OCLint is a static code analyzer for C, C++ and Objective-C. You’ll find it here on GitHub.
Today the maintainer merged my pull request in which I made an additional reporter module which writes a PMD-style file.
Having that, you can let the PMD Analysis run by Jenkins reports about your coding sins.
Here’s how to set the whole thing up:
1. Setup OCLint
- Get the latest source code from GitHub
- Follow the instructions to build OCLint
- Install it.
2. Build file for Jenkins
The invocation of OCLint is configured in a build.xml. I’ll walk you through this one.
<?xml version="1.0" encoding="UTF-8"?>
<project name="fooProject" default="build-fooProject">
<property environment="env"/>
<target name="build-fooProject" depends="prepare,oclint" />
<target name="clean" description="Cleanup build artifacts">
<delete dir="${basedir}/build/oclint" />
</target>
<target name="prepare" depends="clean" description="Prepare for build">
<mkdir dir="${basedir}/build/oclint" />
</target>
Standard stuff so far. Setup the project and prepare the directories.
<target name="oclint">
<antcall target="xcodebuild-clean" />
<antcall target="xcodebuild" />
<antcall target="oclint-xcodebuild" />
<antcall target="oclint-parse" />
</target>
Our oclint
invocation has four steps.
<target name="xcodebuild-clean">
<exec executable="xcodebuild">
<arg value="-configuration" />
<arg value="Release" />
<arg value="clean" />
</exec>
</target> This ensures, that we have a clean build.

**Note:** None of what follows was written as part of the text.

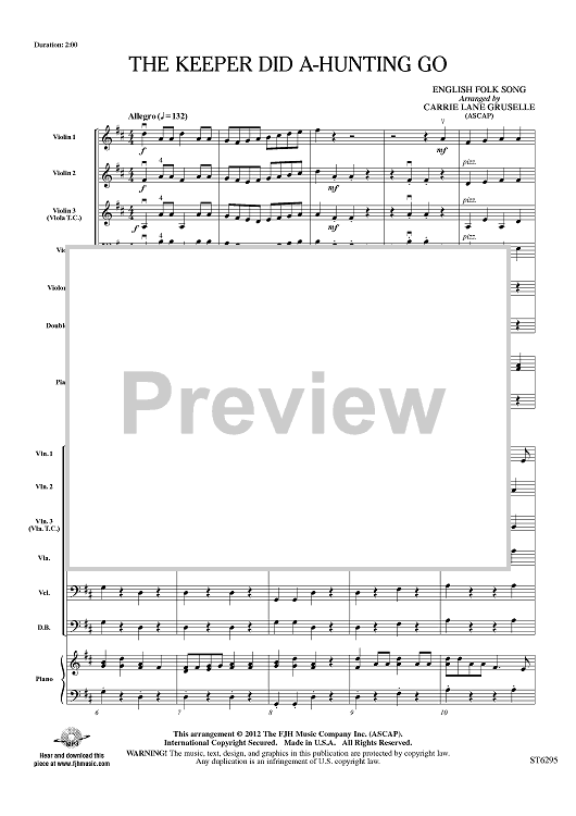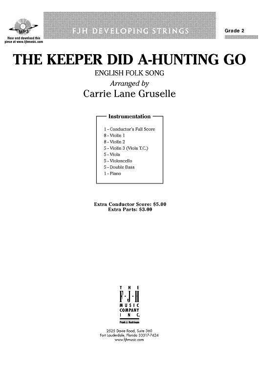 Digital Sheet Music for The Keeper Did A-Hunting Go - Score by English Folk Song, Carrie Lane Gruselle scored for String Orchestra; id:432188

<target name="xcodebuild">
<exec executable="xcodebuild" output="xcodebuild.log">
<arg value="-configuration" />
<arg value="Release" />
<arg value="-arch" />
<arg value="armv7" />
<arg value="CODE_SIGN_IDENTITY=" />
<arg value="CODE_SIGNING_REQUIRED=NO" />
</exec>
</target> Now we build our project. The important part is `output="xcodebuild.log"`; this will write the output to a file which will be fed to a helper script in the next step.
<target name="oclint-xcodebuild">
<exec executable="PATH_TO_oclint-release/bin/oclint-xcodebuild" />
</target>
oclint-xcodebuild
reads the xcodebuild.log
and produces the file compile_commands.json
. This file holds all the compiler stuff and is the input format for oclint
.
<target name="oclint-parse">
<exec executable="PATH_TO_oclint-release/bin/oclint-json-compilation-database">
<env key="PATH" value="${env.PATH}:PATH_TO_oclint-release/bin/"/>
<arg value="--" />
<arg value="-o=${basedir}/build/oclint/lint.xml" />
<arg value="-report-type=pmd" />
<arg value="-stats" />
</exec>
</target>
</project> Finally, this is where the magic happens. `oclint-json-compilation-database` feeds the `compile_commands.json` file to `oclint`. The `-report-type=pmd` flag tells it to use the PMDReporter, which will write its findings to a file called `lint.xml`.
Be sure to consult the documentation for OCLint and its helpers for the various arguments you can provide.
I created a gist with the whole file here.
3. Configure the job in Jenkins
- Go to the configuration page of your job in Jenkins.
- Add a build-step with the build.xml
- Add a post-build action “Publish PMD analysis results” and enter the path to the xml file we produced. In this example it would be
build/oclint/lint.xml
4. Build the job
If everything worked, you should have a new section “PMD Warnings” in your build information and after a few builds the trend chart will be produced.